Write again exactly the lines in the listing below, starting at the line with "10K Yellow Gold" and ending at the line with "de estas corporaciones.", both included. Pictures are not copied.

Given data

****************

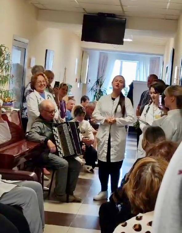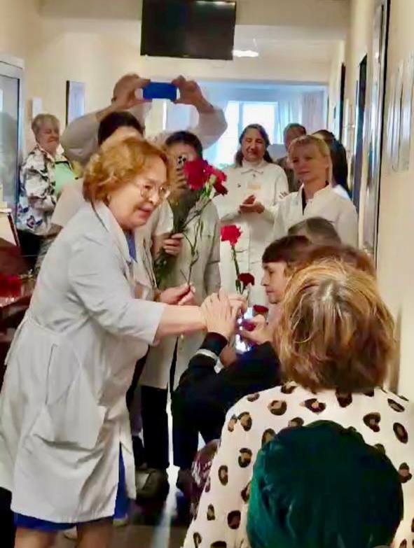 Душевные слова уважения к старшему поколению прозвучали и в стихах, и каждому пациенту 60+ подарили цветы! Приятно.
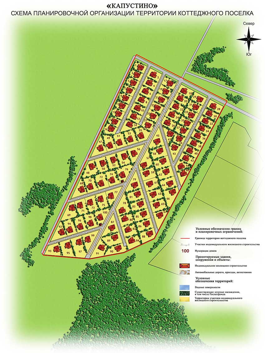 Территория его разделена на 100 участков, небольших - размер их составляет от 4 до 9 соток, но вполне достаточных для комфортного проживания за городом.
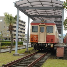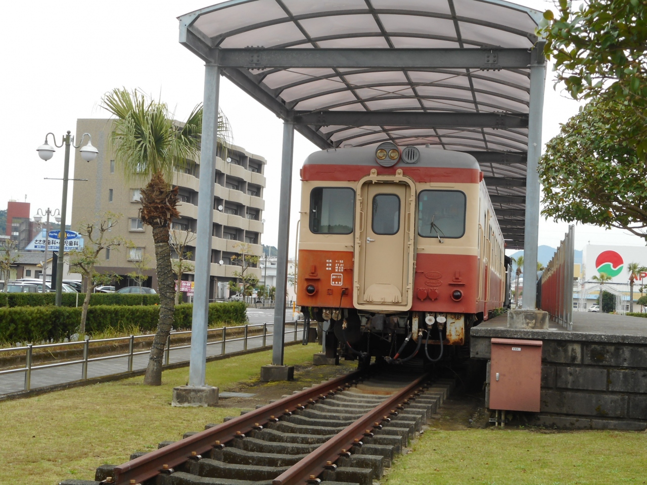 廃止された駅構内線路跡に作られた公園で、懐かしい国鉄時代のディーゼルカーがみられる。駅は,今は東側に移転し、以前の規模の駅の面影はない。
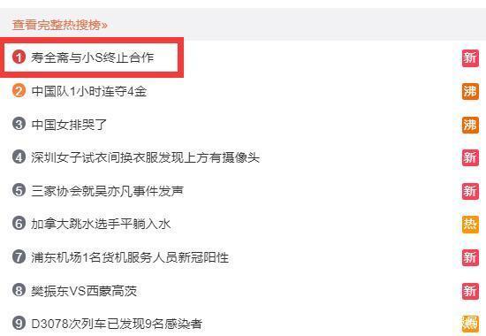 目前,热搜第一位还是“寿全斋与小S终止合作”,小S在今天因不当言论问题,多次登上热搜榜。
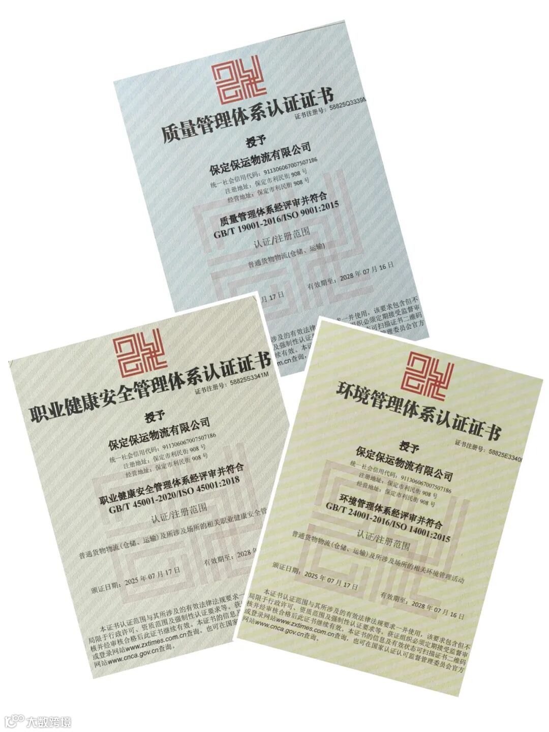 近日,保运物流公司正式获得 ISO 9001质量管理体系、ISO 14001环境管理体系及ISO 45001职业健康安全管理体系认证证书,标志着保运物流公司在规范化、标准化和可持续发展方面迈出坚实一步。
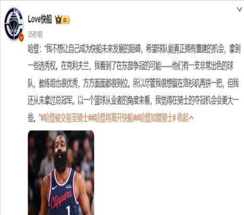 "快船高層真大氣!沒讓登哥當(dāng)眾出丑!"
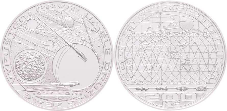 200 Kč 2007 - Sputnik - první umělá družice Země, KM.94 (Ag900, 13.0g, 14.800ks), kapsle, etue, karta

****************

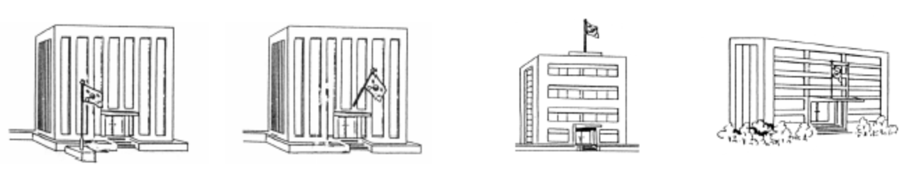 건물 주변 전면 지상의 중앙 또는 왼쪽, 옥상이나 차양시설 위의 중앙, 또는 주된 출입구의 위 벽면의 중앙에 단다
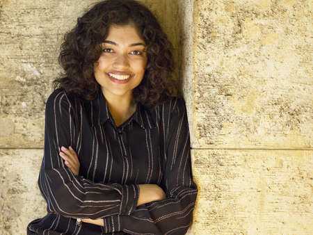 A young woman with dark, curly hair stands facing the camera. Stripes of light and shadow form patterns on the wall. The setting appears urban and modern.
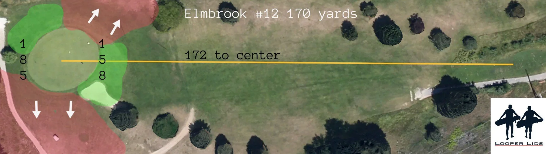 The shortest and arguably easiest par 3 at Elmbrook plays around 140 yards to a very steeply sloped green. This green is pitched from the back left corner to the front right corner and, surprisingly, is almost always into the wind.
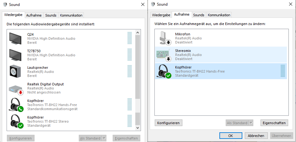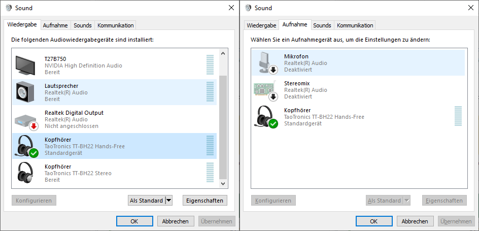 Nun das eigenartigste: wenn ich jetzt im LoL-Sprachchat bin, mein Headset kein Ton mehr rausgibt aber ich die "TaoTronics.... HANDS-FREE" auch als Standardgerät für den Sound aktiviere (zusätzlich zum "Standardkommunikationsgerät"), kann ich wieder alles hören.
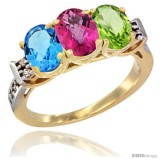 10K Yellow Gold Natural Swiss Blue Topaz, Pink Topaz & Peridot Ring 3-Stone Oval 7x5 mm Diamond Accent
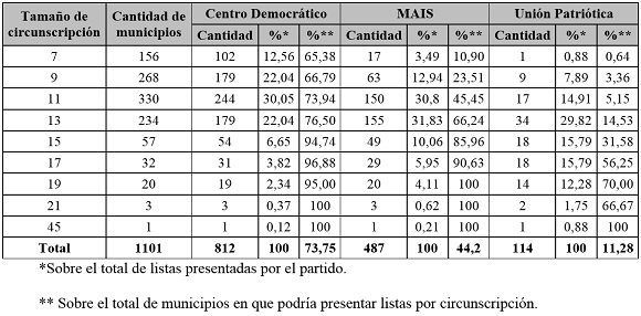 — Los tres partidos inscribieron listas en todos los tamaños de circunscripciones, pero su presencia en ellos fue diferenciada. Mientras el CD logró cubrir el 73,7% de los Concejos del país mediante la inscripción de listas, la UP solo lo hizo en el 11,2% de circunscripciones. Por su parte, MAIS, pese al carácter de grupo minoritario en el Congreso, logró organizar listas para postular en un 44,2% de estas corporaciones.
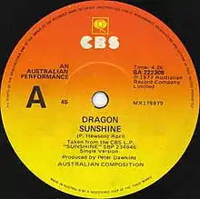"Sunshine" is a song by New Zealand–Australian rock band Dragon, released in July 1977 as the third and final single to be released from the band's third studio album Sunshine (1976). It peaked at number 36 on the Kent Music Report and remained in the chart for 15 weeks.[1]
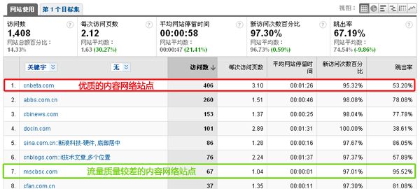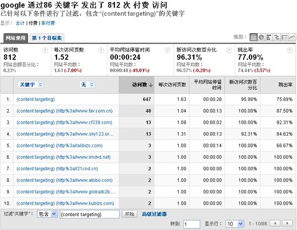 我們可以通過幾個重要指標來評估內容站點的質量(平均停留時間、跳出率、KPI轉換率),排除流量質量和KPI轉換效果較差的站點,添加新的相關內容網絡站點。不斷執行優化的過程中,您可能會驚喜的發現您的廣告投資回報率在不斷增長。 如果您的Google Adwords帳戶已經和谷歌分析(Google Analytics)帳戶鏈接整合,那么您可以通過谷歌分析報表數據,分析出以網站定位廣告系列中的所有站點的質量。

****************

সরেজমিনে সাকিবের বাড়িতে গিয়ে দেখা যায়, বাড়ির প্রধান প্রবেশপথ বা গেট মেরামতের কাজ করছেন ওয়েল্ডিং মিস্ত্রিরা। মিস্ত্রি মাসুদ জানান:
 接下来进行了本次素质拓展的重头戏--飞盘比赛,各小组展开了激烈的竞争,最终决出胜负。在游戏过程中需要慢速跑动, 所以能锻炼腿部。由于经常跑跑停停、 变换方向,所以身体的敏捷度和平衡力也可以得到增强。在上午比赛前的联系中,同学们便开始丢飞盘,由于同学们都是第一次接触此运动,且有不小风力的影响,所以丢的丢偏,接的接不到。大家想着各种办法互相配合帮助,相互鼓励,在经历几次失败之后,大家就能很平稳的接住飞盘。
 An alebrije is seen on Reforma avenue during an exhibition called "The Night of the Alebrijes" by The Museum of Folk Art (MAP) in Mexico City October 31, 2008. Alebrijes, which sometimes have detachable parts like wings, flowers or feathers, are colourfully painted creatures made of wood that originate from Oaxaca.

****************

Response
 10K Yellow Gold Natural Swiss Blue Topaz, Pink Topaz & Peridot Ring 3-Stone Oval 7x5 mm Diamond Accent
 — Los tres partidos inscribieron listas en todos los tamaños de circunscripciones, pero su presencia en ellos fue diferenciada. Mientras el CD logró cubrir el 73,7% de los Concejos del país mediante la inscripción de listas, la UP solo lo hizo en el 11,2% de circunscripciones. Por su parte, MAIS, pese al carácter de grupo minoritario en el Congreso, logró organizar listas para postular en un 44,2% de estas corporaciones.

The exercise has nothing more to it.